(Task): Could you give the listing again exactly, without its pictures?

(Recorded information):
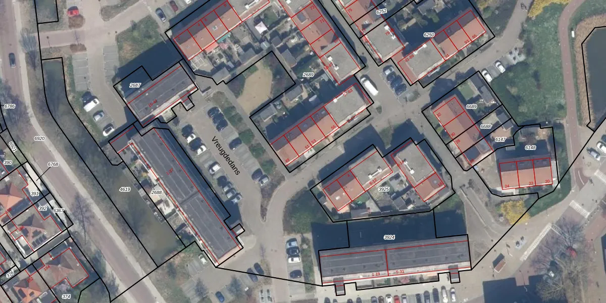 Het perceel waarop Vreugdedans 51 staat heeft een oppervlakte van 2245 m². Dit is een zeer groot perceel. De perceeloppervlakte wordt geregistreerd door het Kadaster. Gedetailleerde informatie over de maten van dit perceel kunt u vinden in het rapport Kadastrale kaart met maatvoering van Vreugdedans 51.
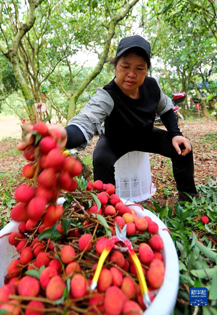 6月12日,在廣東茂名高州市根子鎮柏橋村荔枝種植園,一位果農整理剛剛采摘的荔枝。新華社記者 龔兵 攝
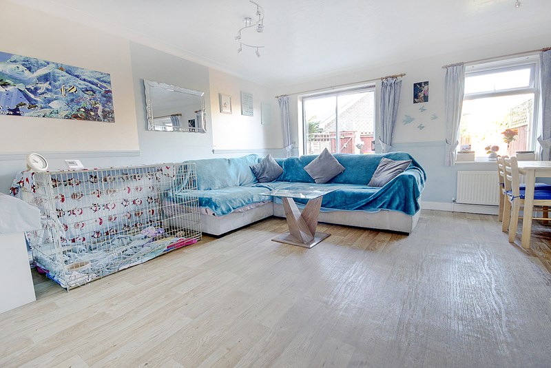 Of L shape. Aspect overlooking the garden with sliding patio doors onto patio. Two radiators, coved and textured ceiling, understairs storage cupboard.
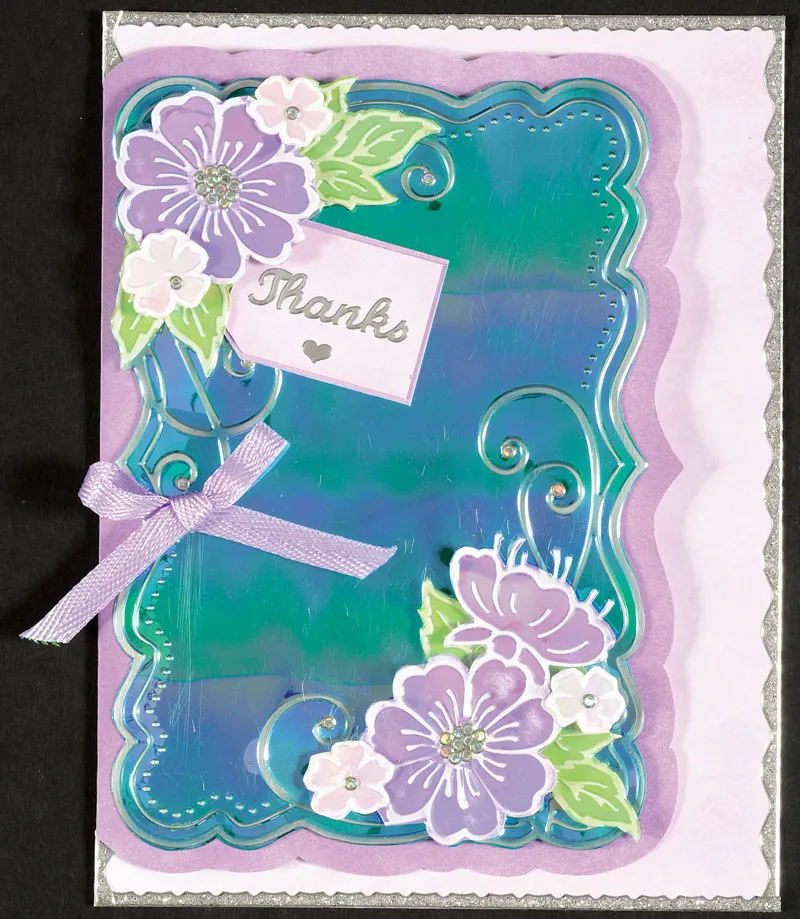 Cut small pieces of the lavender Shimmer Sheetz (from the Iris Gemstone Sampler) large enough to cover each of the large flower images on the embossing folder. Place over the large flowers inside the folder and run it through your machine. Remove from the folder and sand the surface of the embossed images. Repeat with green Shimmer Sheetz for the leaves, and pink for the small flowers (all colors from the Iris Gemstone Sampler). Sand the surface of all the images.

(Result of this task):
 Het perceel waarop Vreugdedans 51 staat heeft een oppervlakte van 2245 m². Dit is een zeer groot perceel. De perceeloppervlakte wordt geregistreerd door het Kadaster. Gedetailleerde informatie over de maten van dit perceel kunt u vinden in het rapport Kadastrale kaart met maatvoering van Vreugdedans 51.
 6月12日,在廣東茂名高州市根子鎮柏橋村荔枝種植園,一位果農整理剛剛采摘的荔枝。新華社記者 龔兵 攝
 Of L shape. Aspect overlooking the garden with sliding patio doors onto patio. Two radiators, coved and textured ceiling, understairs storage cupboard.
 Cut small pieces of the lavender Shimmer Sheetz (from the Iris Gemstone Sampler) large enough to cover each of the large flower images on the embossing folder. Place over the large flowers inside the folder and run it through your machine. Remove from the folder and sand the surface of the embossed images. Repeat with green Shimmer Sheetz for the leaves, and pink for the small flowers (all colors from the Iris Gemstone Sampler). Sand the surface of all the images.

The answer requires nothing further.